Questions and Answers | 100% Correct |
A+ Verified | 2026
• Data transformation . Answer: scalable build system for data that leverages multimodal
compute to produce output datasets
• Pipeline Management . Answer: - capabilities combine change management, data
quality, and data loading features.
- enables fast, flexible, and scalable delivery of data pipelines while providing
robustness and security
- Data engineers can define health checks that guarantee only fully compliant data will
be deployed to production. Where issues are found, the platform provides diagnostics
on the discrepancies detected.
• Hyper Auto . Answer: support for Software-Defined Data Integration (SDDI) to not only
connect to ERP and CRM, but generate fast data pipelines that could then feed into the
Ontology to translate data into operational
• External Transformations . Answer: perform scheduled syncs and exports to external
systems using REST APIs. Recommended to use Code Repositories in Foundry to
write external Python transforms
• Dataset . Answer: - most essential representation of data, fundamentally a wrapper
around a collection of files stored in a backing file system that allows for perms, schema
management, version control and updates
- structured (tabular - parquet, csv)
- unstructured (images, video, PDFs)
- semi-structured (XML, JSON)
- transactions - git commands for the datasets (open, committed, updating)
• Streams . Answer: similar to dataset, but a representation of data - wrapped around a
collection of rows that are tabular
- provides a lower latency view of the data
- hot buffer - low latency to pull from storage
- cold buffer - transferred over to this every few minutes to archive data
- high throughput and compressed stream types
• Media Set . Answer: Multiple files with common schema (file format), used to work with
high-scale, unstructured data (multiple pdfs)

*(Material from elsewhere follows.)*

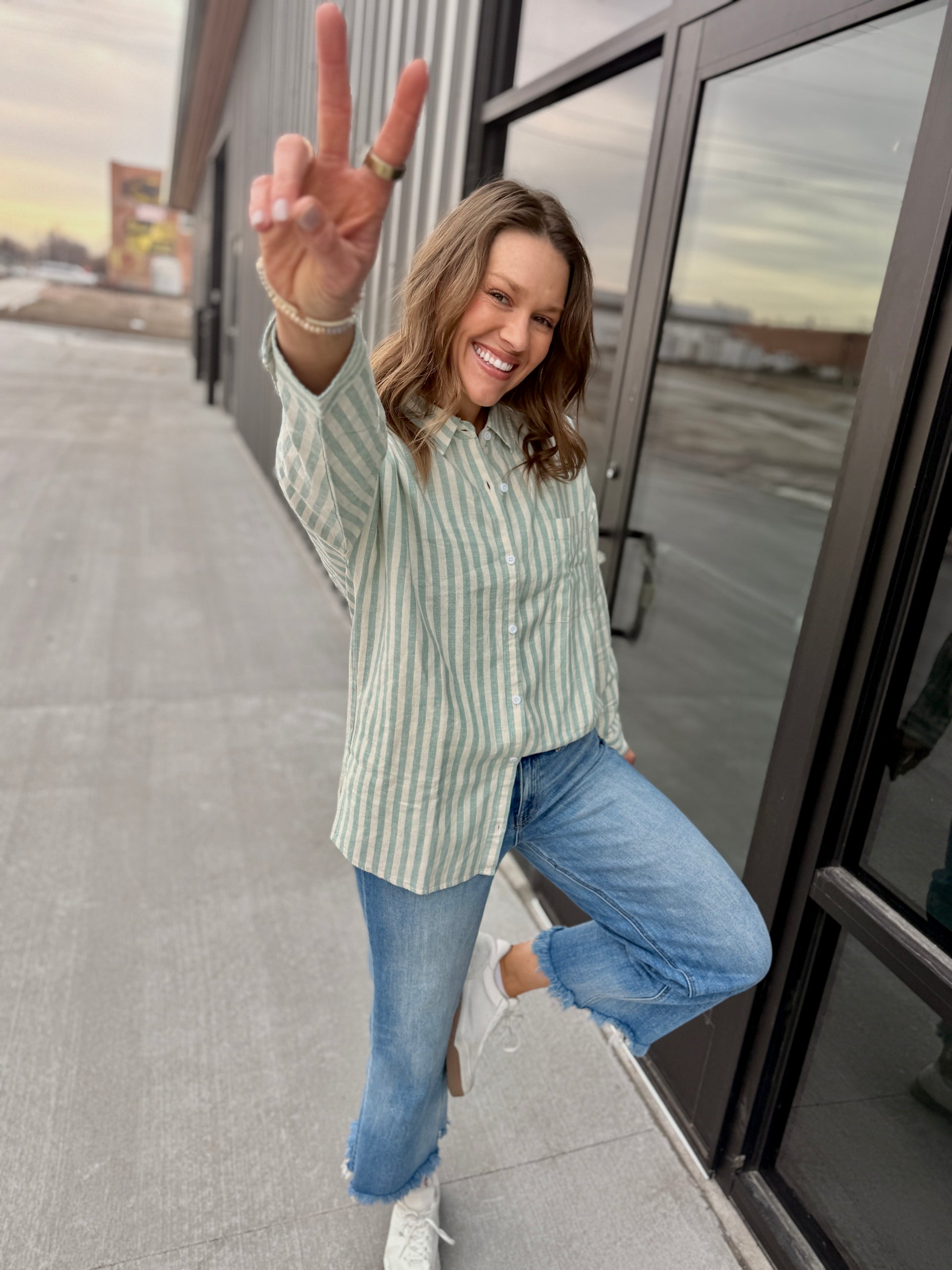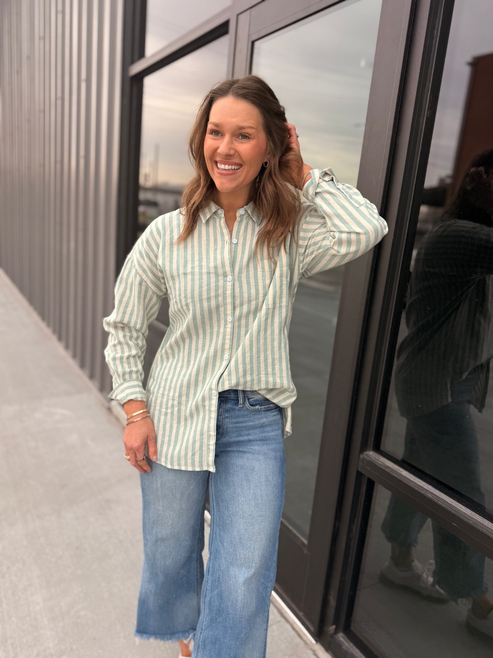 Eeden Stripe Button-Down – Seafoam & Cream

• Jobs . Answer: ran on datasets to compute after changes
- jobspec - encapsulated by a job, and it is the definition of how a job should be
constructed
, - job types: data connection sync, code repository, health checks, analytical
applications, exports
• Schedules . Answer: used to run builds off of a trigger, which could be a time or
action/event
• Health checks . Answer: used to validate data quality that is scheduled
- job level, build level, and freshness check
• Virtual Tables . Answer: allows you to query tables in supported data platforms without
storing it in a dataset (so data coming from other places)

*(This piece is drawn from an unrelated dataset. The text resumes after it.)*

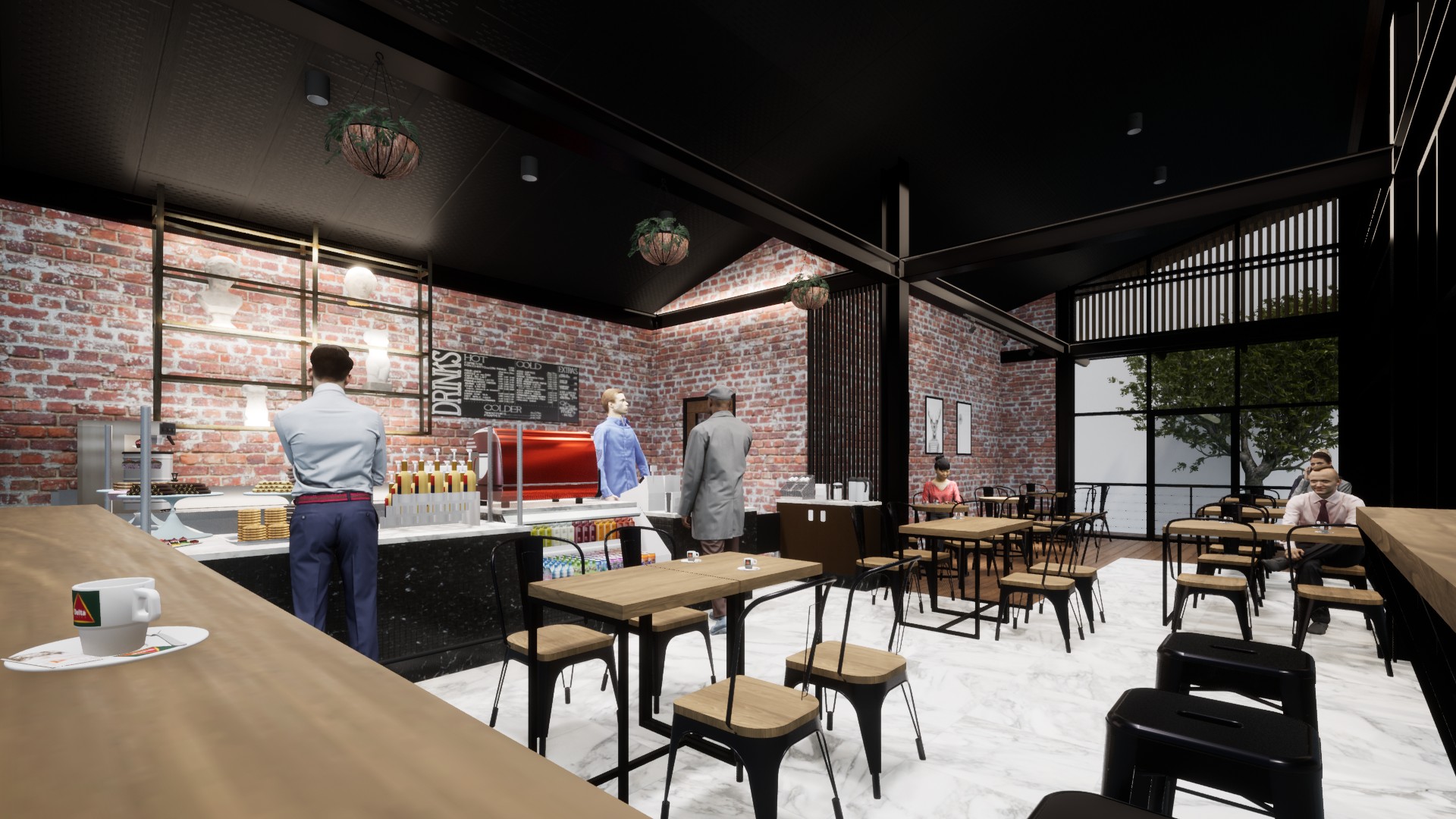 Azerbaycan'da bulununan CoffeBox projemiz için modern çizgiler kullandık.

• Change Data Capture (CDC) . Answer: enterprise data integration pattern often used
to stream real-time updates from a relational database to other consumers, supporting
syncs, processes, stores from file systems that produce capture feeds
- must have one or more primary key columns, one or more ordering columns, and a
deletion column
- common : microsoft sql server, postgresql, oracle, db2
• Views . Answer: behave similarly to dataset view, but does not hold any files
containing data -- composed of the union of other datasets (backing datasets) when it is
read -- can be thought of as pointing to backing datasets
- can automatically perform deduplication of data if primary keys exist
- can use like regular datasets, but views cannot be specified as valid transform outputs
-- instead, valid transform inputs
- can only be used with datasets that have a schema
- used for automatic updates, folder organization, data uniqueness
• Code Repositories . Answer: web based integrated IDE
- transforms repository type - repositories support authoring data transformation log and
include feature to enable previewing and debugging transformations (python, java, sql)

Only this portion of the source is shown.